Annapolis's beloved alternative-rock station (103.1) was reborn at 5 a.m. yesterday as an elaborate April Fools' joke, with a new staff of feminist DJs and an apparent format change.
Not everyone got it. The station's voice mail filled with listeners who thought the switch was permanent, or who desperately needed someone to reassure them that it was not.
"I'm trying to find out what's going on over there," one agitated male voice said.
Employee cell phones buzzed with sympathy calls from friends. "These things happen in radio," one told Joe Duley, one of WRNR's on-air personalities, most of whom are male.
One listener, a woman, walked up in tears to the WRNR studios, which are perched atop a fudge shop in a third-floor office near City Dock.
"There's no halfway," said Bob Waugh, operations manager at the 10-year-old station. "Either we were going to do this or we weren't. I'm hoping people won't be too [angry]."
Duley, the host of a weekend blues show, walked around downtown yesterday wearing a WRNR sticker with the added letters RIP.

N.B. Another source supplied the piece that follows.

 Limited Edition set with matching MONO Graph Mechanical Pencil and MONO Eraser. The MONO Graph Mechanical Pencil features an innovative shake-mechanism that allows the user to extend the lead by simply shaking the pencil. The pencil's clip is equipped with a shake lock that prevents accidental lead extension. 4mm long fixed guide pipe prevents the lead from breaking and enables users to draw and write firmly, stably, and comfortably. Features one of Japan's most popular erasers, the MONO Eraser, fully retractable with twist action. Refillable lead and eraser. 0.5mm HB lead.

"Some woman comes up to me," he recounted, "and says, 'Do you work there?' And I say, 'I did.' And I swear she gave me a hug." Duley politely declined her offer to buy him a cup of coffee.

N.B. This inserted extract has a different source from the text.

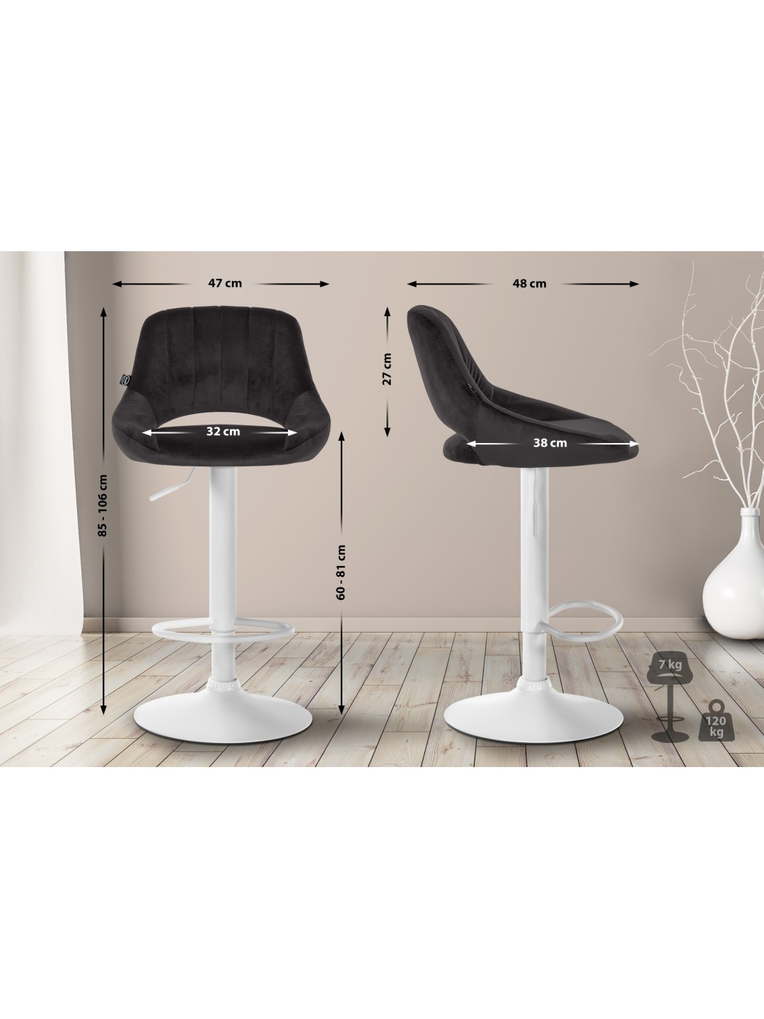 Sæt med 2 barstole Milet velvet W, sort

WRNR is a comparatively free-form, independent station in a market saturated with corporate radio. Its 6,000-watt signal is weak, but the audience is loyal, even addicted, to a format that puts into heavy rotation such crossover alternative artists as Beck and such mainstream rock acts as U2 -- and mixes roughly equal shares of archival chestnuts and new releases.
The station's best-known name is Damian Einstein, the decorated weeknight DJ whose recuperation from a near-fatal car crash three decades ago left him with a distinctively slurry voice. His father, Jake Einstein, launched WRNR after selling WHFS, the onetime alternative-radio standout.

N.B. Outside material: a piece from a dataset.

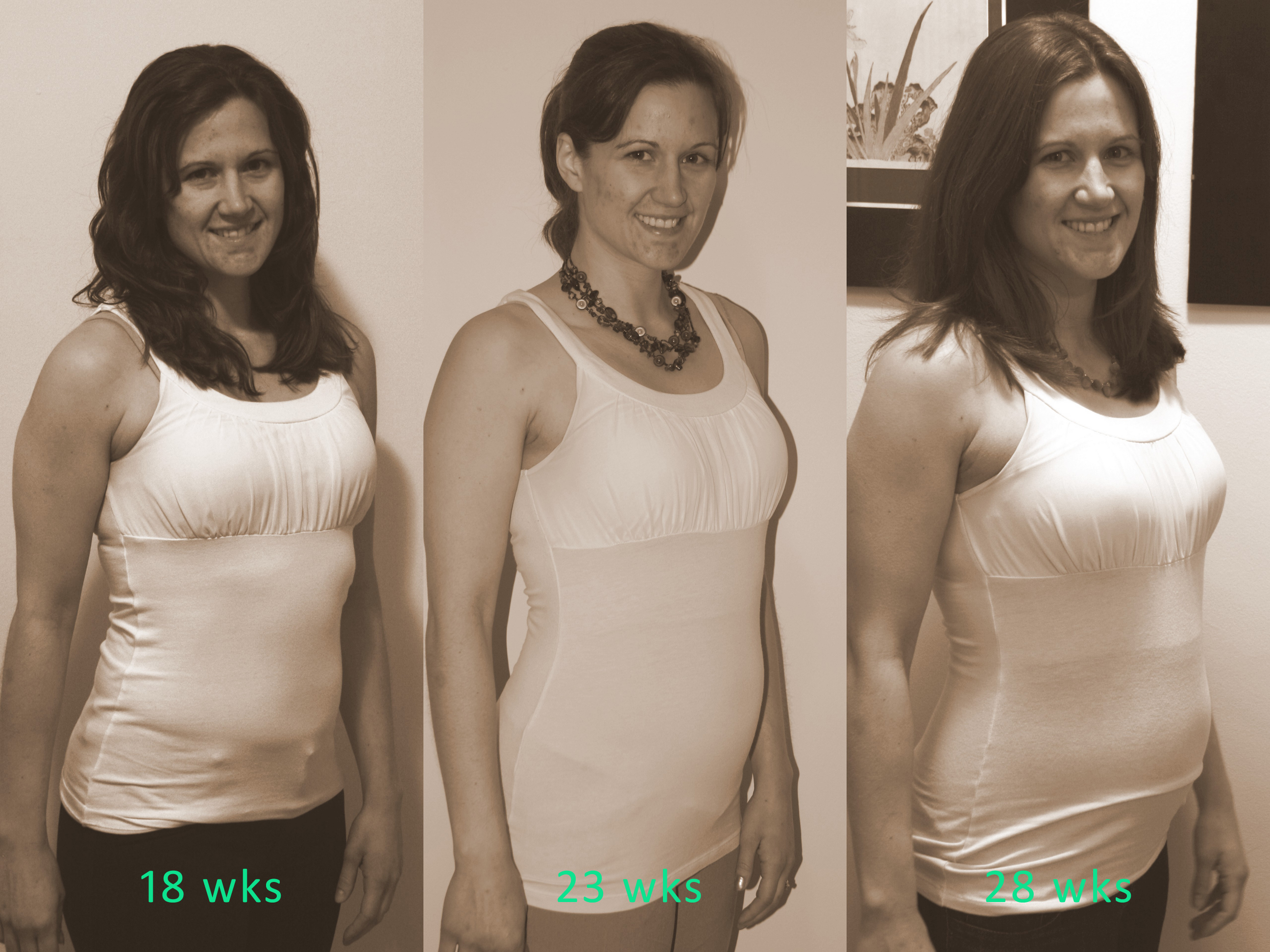 I continued to run about 2.5 mi 6 days a week throughout the first trimester, and didn’t get as tired as I thought I would – although I did note that it was more difficult to stay motivated at work and I was a bit more moody than usual. I also was having very vivid dreams – though none about the baby oddly enough. I believe I was able to keep the digestive and fluid retention challenges of pregnancy to a minimum by staying active and having a mug of caffeinated black tea or coffee with breakfast every morning. I did have a few days of general queasiness around 6-7wks, but that was it for the infamous 1st trimester morning sickness. I consider myself very lucky!

Waugh thought of the April Fools' ruse and presented it to his colleagues, a crew of wisecracking music heads who delight in one-upmanship. Once the concept was decided, they became consumed with creating a one-day playlist for the fictitious station: 13 songs per hour for 13 hours.
"You know what's the worst thing about today?" joked Rob Timm, a regular afternoon DJ. "I think we've discovered a perfectly viable radio format."
Timm found himself relegated yesterday to producing a show for Gina Crash, a female jock who drove down for the 3-to-7 shift after finishing her morning duties at WMMR-FM in Philadelphia. A stack of CDs in the studio showed some of what the WRNR staff had come up with, including discs by the Indigo Girls, Hole, Janis Joplin, Sinead O'Connor and blues woman Koko Taylor.
It was Timm who launched the hoax just before 7 p.m. Thursday. After dispensing tickets to a Bruce Springsteen performance, he told listeners, "I can't think of a more fitting way to end things." Voice breaking, he went on: "This is probably the most difficult show I've done in my career."
With that, he played "When the Music's Over" by the Doors. Listeners would not hear another live voice until yesterday morning; the station went temporarily jock-less.
Then the phones started ringing.
The joke ended at 7 last night, when WRNR disc jockeys stormed the booth in an on-air coup. They celebrated with an old Nick Lowe song: "All Men Are Liars."